Reproduce verbatim all of the data given below, but do not carry over the images.

Dataset excerpt:
++++++++

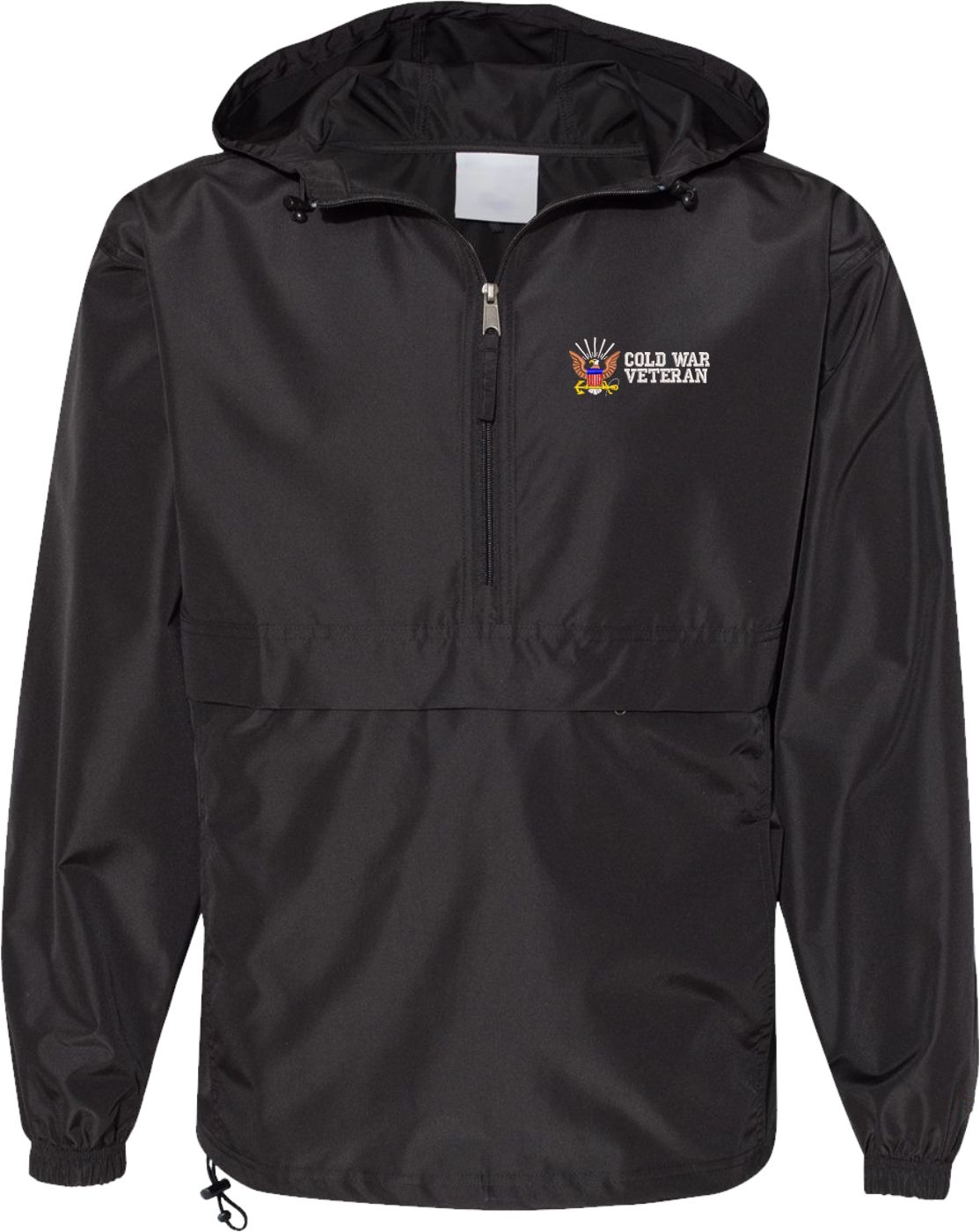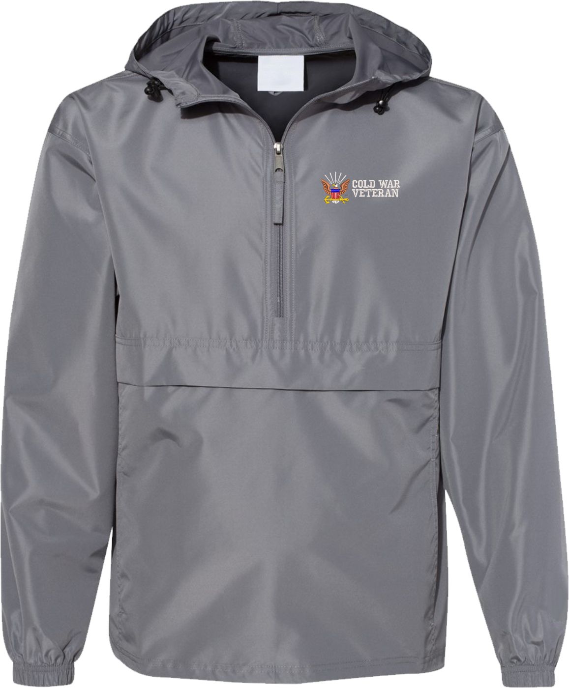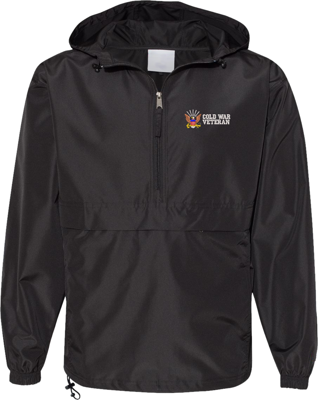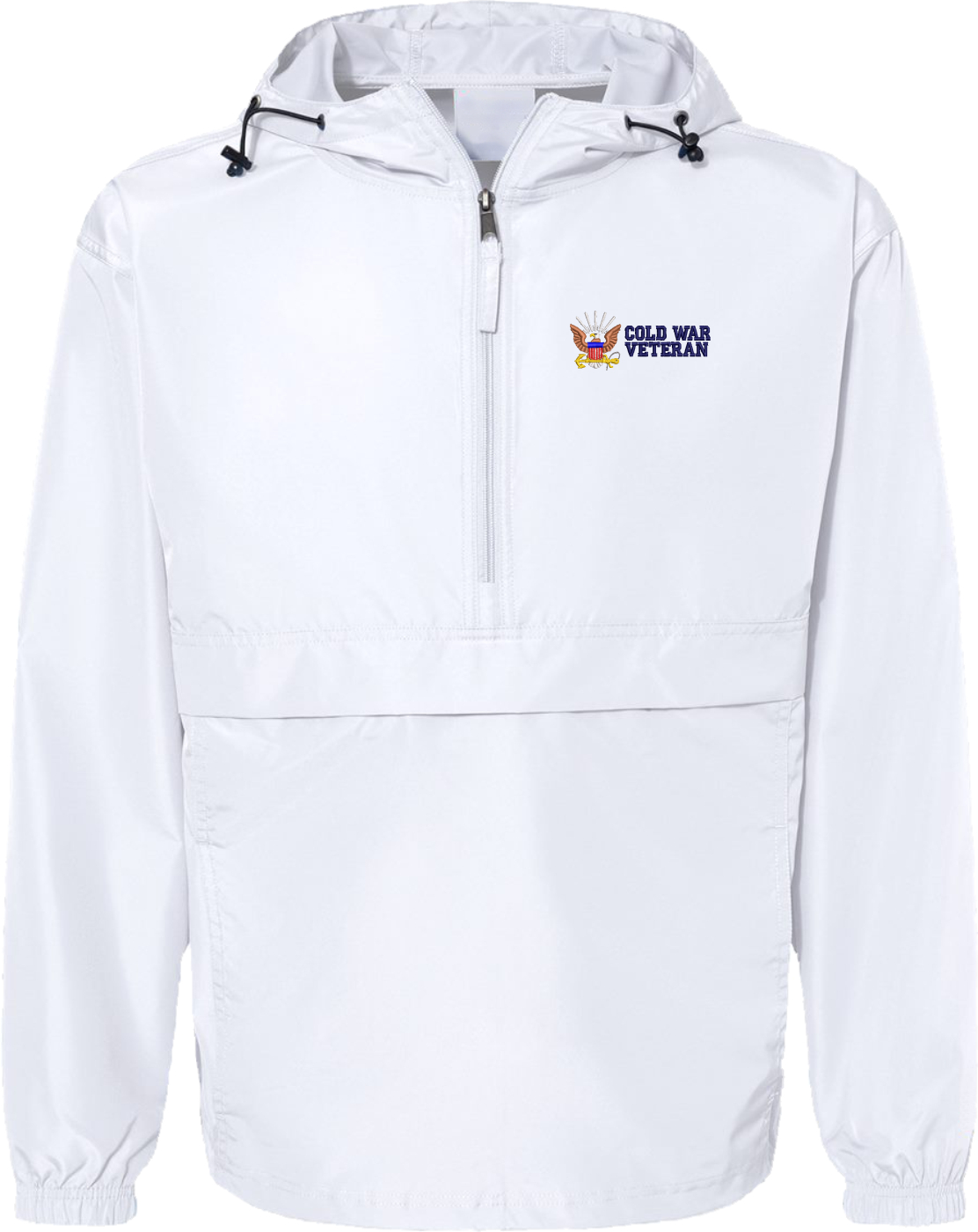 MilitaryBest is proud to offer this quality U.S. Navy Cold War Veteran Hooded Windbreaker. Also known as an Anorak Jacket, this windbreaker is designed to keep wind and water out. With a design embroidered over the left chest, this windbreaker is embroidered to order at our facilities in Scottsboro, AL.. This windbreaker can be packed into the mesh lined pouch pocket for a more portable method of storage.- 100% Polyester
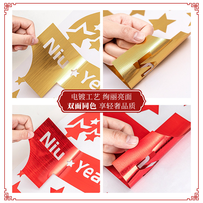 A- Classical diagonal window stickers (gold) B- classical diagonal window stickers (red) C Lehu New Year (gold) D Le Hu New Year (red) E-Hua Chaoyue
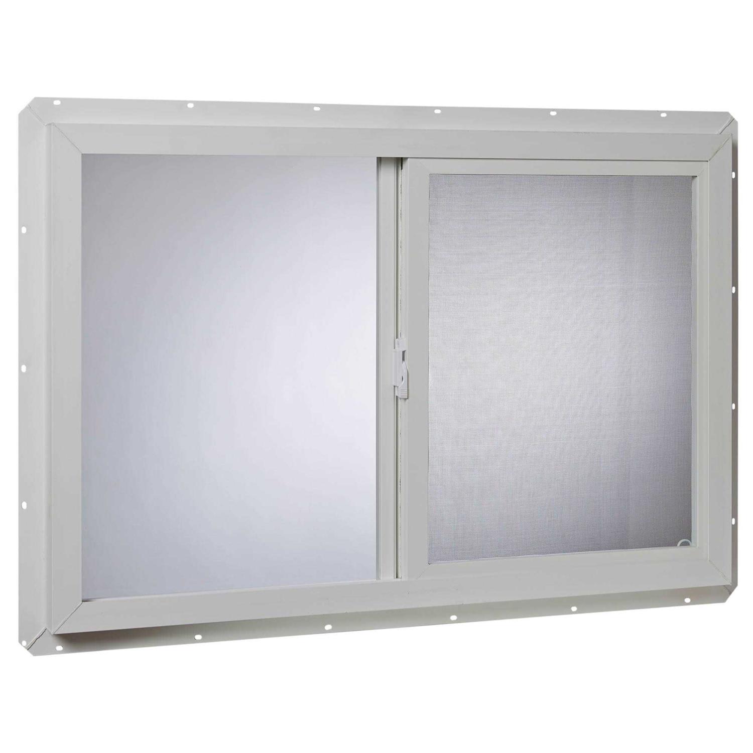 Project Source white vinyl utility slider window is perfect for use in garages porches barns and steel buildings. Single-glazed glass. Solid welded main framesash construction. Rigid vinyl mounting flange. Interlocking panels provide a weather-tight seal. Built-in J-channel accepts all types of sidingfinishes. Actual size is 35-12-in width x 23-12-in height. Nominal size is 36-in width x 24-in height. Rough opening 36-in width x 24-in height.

++++++++

Answer to this problem:
 MilitaryBest is proud to offer this quality U.S. Navy Cold War Veteran Hooded Windbreaker. Also known as an Anorak Jacket, this windbreaker is designed to keep wind and water out. With a design embroidered over the left chest, this windbreaker is embroidered to order at our facilities in Scottsboro, AL.. This windbreaker can be packed into the mesh lined pouch pocket for a more portable method of storage.- 100% Polyester
 A- Classical diagonal window stickers (gold) B- classical diagonal window stickers (red) C Lehu New Year (gold) D Le Hu New Year (red) E-Hua Chaoyue
 Project Source white vinyl utility slider window is perfect for use in garages porches barns and steel buildings. Single-glazed glass. Solid welded main framesash construction. Rigid vinyl mounting flange. Interlocking panels provide a weather-tight seal. Built-in J-channel accepts all types of sidingfinishes. Actual size is 35-12-in width x 23-12-in height. Nominal size is 36-in width x 24-in height. Rough opening 36-in width x 24-in height.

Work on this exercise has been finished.